◆ **PROVIDED ENTRIES**

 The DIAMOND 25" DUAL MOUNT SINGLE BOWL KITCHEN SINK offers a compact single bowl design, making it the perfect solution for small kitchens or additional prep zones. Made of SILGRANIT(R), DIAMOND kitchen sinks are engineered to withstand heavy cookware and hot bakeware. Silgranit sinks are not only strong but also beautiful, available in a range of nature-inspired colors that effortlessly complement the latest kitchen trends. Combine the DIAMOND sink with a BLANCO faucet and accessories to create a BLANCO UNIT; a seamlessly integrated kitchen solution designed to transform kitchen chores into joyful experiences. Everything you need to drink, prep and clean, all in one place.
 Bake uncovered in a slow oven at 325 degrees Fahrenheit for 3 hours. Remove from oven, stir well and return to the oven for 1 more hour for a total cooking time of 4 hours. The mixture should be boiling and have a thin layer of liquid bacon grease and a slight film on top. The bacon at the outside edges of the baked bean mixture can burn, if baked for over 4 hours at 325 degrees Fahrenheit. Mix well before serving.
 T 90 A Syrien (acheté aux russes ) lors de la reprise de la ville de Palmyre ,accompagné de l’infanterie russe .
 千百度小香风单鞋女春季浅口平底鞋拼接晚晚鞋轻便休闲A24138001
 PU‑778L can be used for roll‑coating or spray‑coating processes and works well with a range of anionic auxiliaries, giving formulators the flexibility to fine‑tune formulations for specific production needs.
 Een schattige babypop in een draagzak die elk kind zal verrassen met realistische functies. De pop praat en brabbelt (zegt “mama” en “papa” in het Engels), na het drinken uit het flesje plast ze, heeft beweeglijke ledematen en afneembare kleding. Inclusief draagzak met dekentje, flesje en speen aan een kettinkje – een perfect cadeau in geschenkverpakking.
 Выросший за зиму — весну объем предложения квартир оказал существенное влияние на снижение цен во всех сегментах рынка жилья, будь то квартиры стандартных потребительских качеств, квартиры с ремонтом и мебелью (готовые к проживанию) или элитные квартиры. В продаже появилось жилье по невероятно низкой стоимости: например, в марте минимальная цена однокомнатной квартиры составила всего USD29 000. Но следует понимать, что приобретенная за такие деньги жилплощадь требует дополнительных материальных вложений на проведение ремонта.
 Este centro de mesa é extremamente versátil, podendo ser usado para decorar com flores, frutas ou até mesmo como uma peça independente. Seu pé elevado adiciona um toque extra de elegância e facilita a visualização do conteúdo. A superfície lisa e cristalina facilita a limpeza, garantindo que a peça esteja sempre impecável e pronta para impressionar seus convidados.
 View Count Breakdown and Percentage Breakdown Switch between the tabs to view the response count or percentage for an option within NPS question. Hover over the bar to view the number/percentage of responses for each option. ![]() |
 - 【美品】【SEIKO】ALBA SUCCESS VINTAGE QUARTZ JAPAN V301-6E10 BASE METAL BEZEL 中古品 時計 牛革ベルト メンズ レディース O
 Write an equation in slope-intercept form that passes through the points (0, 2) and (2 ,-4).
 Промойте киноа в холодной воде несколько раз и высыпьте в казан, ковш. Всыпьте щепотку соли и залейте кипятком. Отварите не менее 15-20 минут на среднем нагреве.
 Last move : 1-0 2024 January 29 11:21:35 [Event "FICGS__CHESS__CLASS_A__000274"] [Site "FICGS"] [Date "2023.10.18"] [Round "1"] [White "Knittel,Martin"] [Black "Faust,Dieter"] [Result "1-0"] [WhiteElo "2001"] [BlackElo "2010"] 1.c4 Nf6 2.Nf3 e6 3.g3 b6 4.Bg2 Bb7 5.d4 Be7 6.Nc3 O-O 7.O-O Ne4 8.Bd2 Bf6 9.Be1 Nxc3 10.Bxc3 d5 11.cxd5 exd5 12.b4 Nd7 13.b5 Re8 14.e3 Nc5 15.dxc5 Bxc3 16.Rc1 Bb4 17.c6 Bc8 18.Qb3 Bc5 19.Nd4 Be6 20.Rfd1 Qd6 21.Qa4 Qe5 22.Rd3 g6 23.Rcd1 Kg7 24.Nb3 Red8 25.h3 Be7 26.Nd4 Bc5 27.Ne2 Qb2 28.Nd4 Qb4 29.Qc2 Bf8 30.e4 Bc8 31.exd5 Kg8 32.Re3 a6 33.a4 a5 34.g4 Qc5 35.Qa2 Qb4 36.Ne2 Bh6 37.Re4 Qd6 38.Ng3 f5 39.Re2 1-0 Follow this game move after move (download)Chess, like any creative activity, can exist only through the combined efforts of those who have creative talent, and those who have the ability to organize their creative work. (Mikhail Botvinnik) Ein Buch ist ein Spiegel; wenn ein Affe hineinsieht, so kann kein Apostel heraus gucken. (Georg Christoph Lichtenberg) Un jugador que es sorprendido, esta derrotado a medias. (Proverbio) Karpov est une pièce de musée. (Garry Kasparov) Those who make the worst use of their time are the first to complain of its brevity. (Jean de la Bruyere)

◆ **TASK DESCRIPTION**
Output the lines above exactly, but only those between the line holding "Een schattige babypop" and the line holding "Промойте киноа в", inclusive.

◆ **RESULT OF THE TASK**
 Een schattige babypop in een draagzak die elk kind zal verrassen met realistische functies. De pop praat en brabbelt (zegt “mama” en “papa” in het Engels), na het drinken uit het flesje plast ze, heeft beweeglijke ledematen en afneembare kleding. Inclusief draagzak met dekentje, flesje en speen aan een kettinkje – een perfect cadeau in geschenkverpakking.
 Выросший за зиму — весну объем предложения квартир оказал существенное влияние на снижение цен во всех сегментах рынка жилья, будь то квартиры стандартных потребительских качеств, квартиры с ремонтом и мебелью (готовые к проживанию) или элитные квартиры. В продаже появилось жилье по невероятно низкой стоимости: например, в марте минимальная цена однокомнатной квартиры составила всего USD29 000. Но следует понимать, что приобретенная за такие деньги жилплощадь требует дополнительных материальных вложений на проведение ремонта.
 Este centro de mesa é extremamente versátil, podendo ser usado para decorar com flores, frutas ou até mesmo como uma peça independente. Seu pé elevado adiciona um toque extra de elegância e facilita a visualização do conteúdo. A superfície lisa e cristalina facilita a limpeza, garantindo que a peça esteja sempre impecável e pronta para impressionar seus convidados.
 View Count Breakdown and Percentage Breakdown Switch between the tabs to view the response count or percentage for an option within NPS question. Hover over the bar to view the number/percentage of responses for each option. ![]() |
 - 【美品】【SEIKO】ALBA SUCCESS VINTAGE QUARTZ JAPAN V301-6E10 BASE METAL BEZEL 中古品 時計 牛革ベルト メンズ レディース O
 Write an equation in slope-intercept form that passes through the points (0, 2) and (2 ,-4).
 Промойте киноа в холодной воде несколько раз и высыпьте в казан, ковш. Всыпьте щепотку соли и залейте кипятком. Отварите не менее 15-20 минут на среднем нагреве.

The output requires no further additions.